Becky Bain of the website Idolator viewed "Love On Top" as a "joyful tune that doubles as a throwback to a simpler time" and added that Beyoncé's energy is "infectious". Conrad Tao of Sputnikmusic very much liked "Love On Top", writing: "[...] as she forces herself into a rarely used high range, she sets for a perfect catharsis for the burgeoning sexual passions of the album's first two thirds", and describing the outcome as "absolutely magnificent". Melinda Newman of HitFix commented "the soulful, exuberant, mid-tempo finger snapper, 'Love on Top' is deliciously sunny and sweet." James Reed of The Boston Globe wrote that "Love On Top" sounds "like the pretty young thing of Michael Jackson's 'P.Y.T.' grew up to make a sequel to that 1983 hit." Similarly, Joanne Dorken of MTV UK who described "Love On Top" as "scream[ing] 'classic disco', catchy, [being] more uptempo and differing from the rest of the album", concluded that the song shows Beyoncé's versatility and that it is "very Jackson 5". Ben Cardew of Music Week stated that "Love On Top" is summery and "laidback, rather than massively immediate". However, he added that it proves to be a grower as it "ratchets up the key changes on the final third", further writing that Beyoncé's voice sounds "particularly impressive". A mixed review came from Adam Markovitz of Entertainment Weekly, who compared Beyoncé's work on "Love On Top" to that of past idols such as Luther Vandross and Diana Ross, but felt the tone overshadowed her style, stating "she gets lost in her idols' polyester-swathed shadows." Jon Caramanica of The New York Times noted that the song was "slinky but nowhere near sexy" adding that it sounds like a song young Brandy Norwood would release.

===Recognition and accolades===
James Montgomery of MTV News placed "Love On Top" at number nine on his list of the 25 Best Songs Of 2011. He called it "a throwback jam" to Beyoncé's older R&B material, stating that "[it's] big, bold, brassy and blissed-out, [and] it represents everything B was going for on her 4 album". Montgomery also noted that the song was an "absolute lifesaver" and "as is the case with all of her best tunes, Beyoncé belts here". Slant Magazines staff members listed "Love On Top" as the 24th best song of the year, with Eric Henderson commenting that "somewhere between [4s] copious ballads and its few, hyperventilating dance tracks, Beyoncé strikes a perfect balance with this breezy midtempo tribute to the 1980s." On The Village Voices Pazz & Jop critic year-end list in 2011, "Love On Top" was ranked at number 51. Additionally, Nick Murray of the same publication included the song on his list of 53 Great Songs From 2011.

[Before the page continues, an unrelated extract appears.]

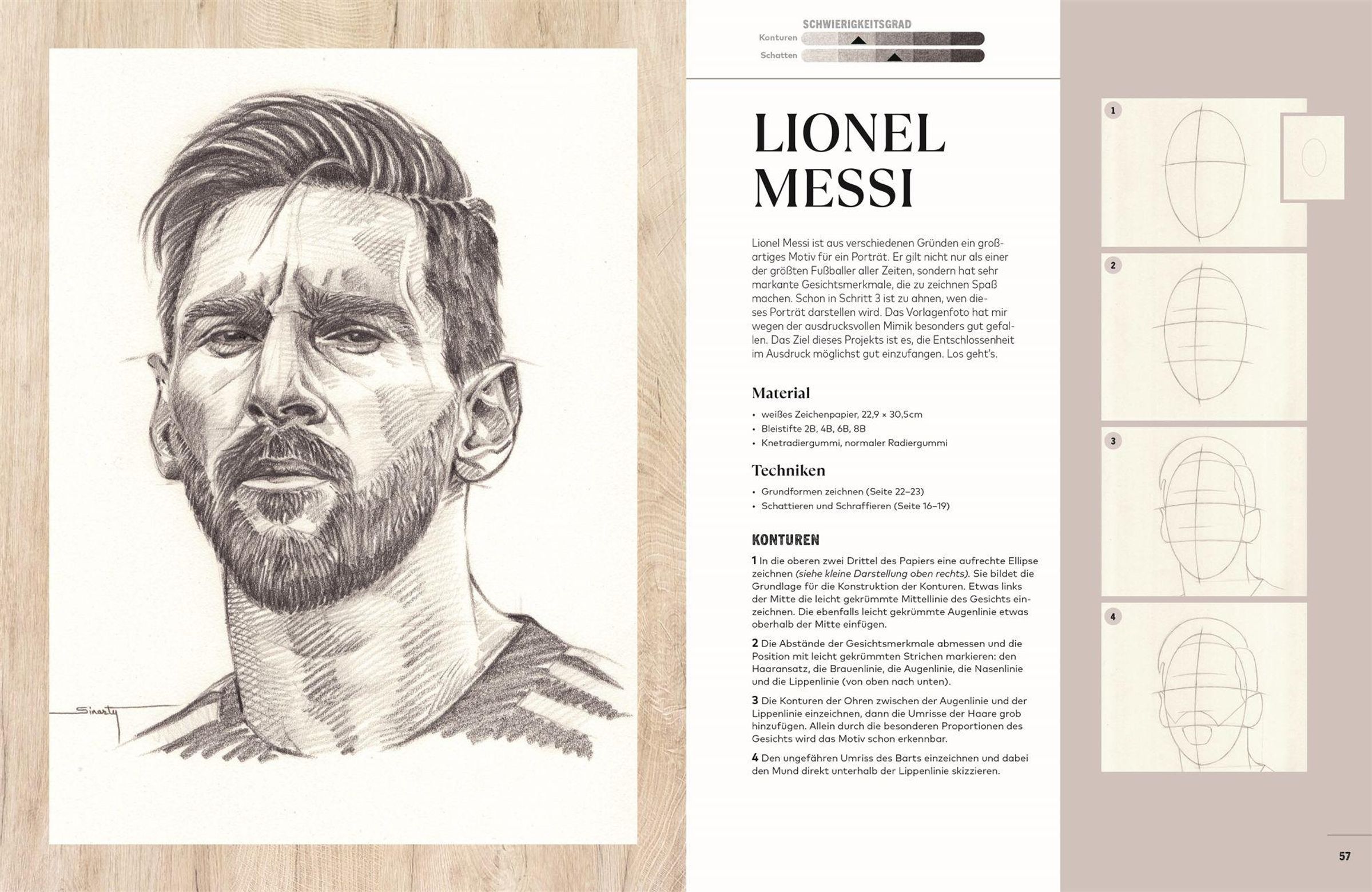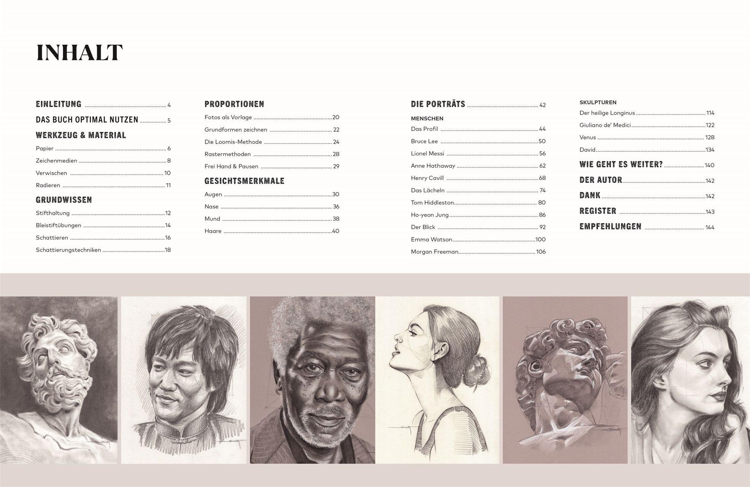 DasZeichnen von Gesichtern empfinden viele Zeichner*innen als schwierig - doch das muss nicht sein! Dieser umfassende Leitfaden nimmt die Unsicherheit beim Porträt zeichnen . Anhand von Vorlagen entstehen Schritt für Schritt aus einfachen Formen selbst gezeichnete Porträts . Der anschauliche Guide deckt alles ab, was man für den Einstieg insGesichter zeichnen braucht: Von der Haltung des Stifts bis hin zu Skizzier- und Schattierungstechniken mit Graphit und Kohle. Hinzu kommen15 ausführliche Anleitungen für Porträts bekannter Personen und Skulpturen. Das leicht verständliche Handbuch unterstützt alle Hobbykünstler*innen dabei, ihr künstlerisches Potenzial voll zu entfalten. Hier wird Porträts zeichnen einfach erlernbar!

"Love On Top" was named the greatest song of the decade (2010s) by Harper's Bazaar, and the best song by a female artist of the decade by Uproxx. In 2017, ShortList's Dave Fawbert listed "Love On Top" as containing "one of the greatest key changes in music history". In 2024, Rolling Stone named the record the 14th best R&B song of the 21st century.

The song was nominated in the category for Viewer's Choice at the 2012 BET Awards and in the category for R&B/Hip-Hop Song at the 2012 Teen Choice Awards. Beyoncé won her 17th Grammy Award with Best Traditional R&B Performance for "Love On Top" at the 55th Annual Grammy Awards. At the 26th ASCAP Rhythm & Soul Music Awards in 2013, "Love On Top" received the Top R&B/Hip-Hop Song award.

==Chart performance==
For the week July 2, 2011, "Love On Top" debuted on the South Korea Gaon International Singles Chart at number 3, selling 89,942 digital downloads. The song remained at that position in its second and third week, selling 52,462 downloads and 42,261 downloads respectively. It charted inside the top ten positions of the chart for five consecutive weeks.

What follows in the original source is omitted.